If you want to boost your mental performance the next time you’re working, listen to a little music in the background. Play instrumental tracks instead of fast-paced songs so you don’t get distracted.
Music can reduce stress
Data suggests that listening to music can help reduce or manage stress, which is behind the trend centered on meditative music created to soothe the mind and induce relaxation. This trend is supported by scientific data as research has shown that music can be an effective way to cope with stress.
In a 2013 study, volunteers participated in one of three conditions before being exposed to a stressor. They were then told to take a psychosocial stress test.
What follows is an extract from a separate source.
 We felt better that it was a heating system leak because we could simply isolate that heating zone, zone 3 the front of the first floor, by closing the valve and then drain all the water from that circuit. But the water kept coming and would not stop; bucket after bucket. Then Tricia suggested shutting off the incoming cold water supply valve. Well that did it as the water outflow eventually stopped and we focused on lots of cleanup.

One group of volunteers listened to relaxing music, a second listened to the sound of rippling water, while the rest received no auditory stimulation.
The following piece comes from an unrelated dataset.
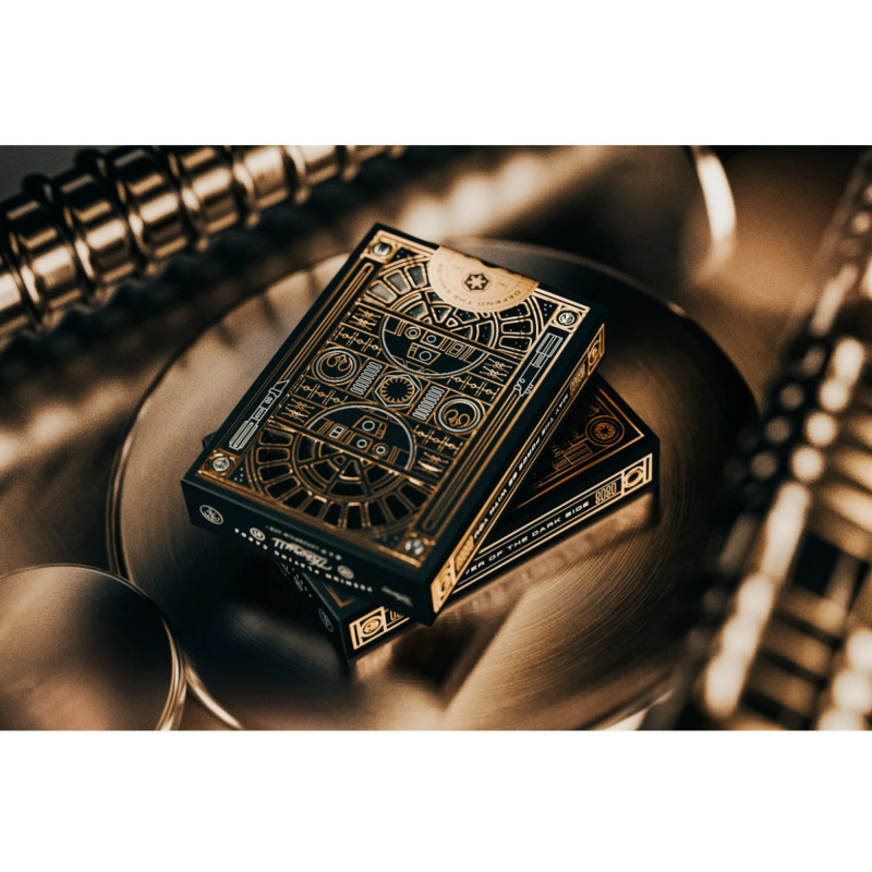 Kaladės pakuotė yra kvapą gniaužianti, su įspūdinga galaktikos aukso folija, sumaišyta su skaidria, atspindinčia folija, kuri sukuria Millennium Falcon™ kabinos lango priekyje iliuziją su Imperial Throne Room langu gale. Šiame specialiame leidime pavaizduoti keli ikoniniai abiejų jėgos pusių elementai. Kortų nugarėlės atrodo taip, lyg jos būtų padengtos tuo pačiu auksu, naudotu jūsų mėgstamam droidui C-3PO™. Atspausdinta aukščiausios kokybės auksine folija, nugarėlės dizainas yra visiškai stulbinantis visais kampais ir gražiai blykčioja šviesoje. Šis leidimas tikrai kilęs iš kitos tolimos galaktikos... Prisijunkite prie Jedi Knights arba nukreipkite savo vidinį Sitą su mėgstamais veikėjais iš šios pasakos sagos: Luke'u Skywalkeriu, Hanu Solo, Obi-Wan Kenobi, Leia Organa, Rey, Darthu Vaderiu, Imperatorius Palpatine, Kylo Ren ir daugeliu kitų! Ar susigundysite tamsiosios pusės galia? O gal šviesioji pusė bus jūsų vadovas?

According to the results, listening to music affected the human stress response, especially the autonomic nervous system. The volunteers who listened to music tended to recover more quickly following a stressor.
Music can uplift your mood
In a study on why people listen to music, scientists found that music played an important role in relating arousal and mood. For the study, the volunteers rated music’s ability to help them achieve a better mood and become more self-aware as two of the most important functions of music.
A different study showed that intentionally trying to boost moods by listening to positive music could have an impact within two weeks. Volunteers were told to purposefully try to boost their mood by listening to positive music daily for two weeks.
Other participants listened to music but were not directed to become happier intentionally. When participants were later asked to describe their own levels of happiness, those who had intentionally tried to improve their moods reported feeling happier.
Music can reduce symptoms of depression
Studies have also found that music therapy can be a safe and effective treatment for mental health issues, such as depression.
In one study, results showed that music therapy was a safe, low-risk way to reduce depression and anxiety in those with neurological conditions like dementia and Parkinson’s disease.
Music can influence your mood, but experts advise that the type of music you listen to is also important. Genres like classical and meditation music offer the greatest mood-boosting benefits, but heavy metal and techno music may be ineffective and even detrimental.
Music may help you sleep better
People from all age groups often suffer from sleeping problems like insomnia. There are many approaches to treating insomnia, but according to studies, listening to relaxing classical music can be a safe, effective and affordable treatment.?
In one study involving college students, volunteers listened to classical music, an audiobook or nothing during bedtime for three weeks. Scientists analyzed their sleep quality both before and after the intervention.
Results showed that the volunteers who listened to music had significantly better sleep quality compared to others who only listened to the audiobook or did not listen to anything before bedtime.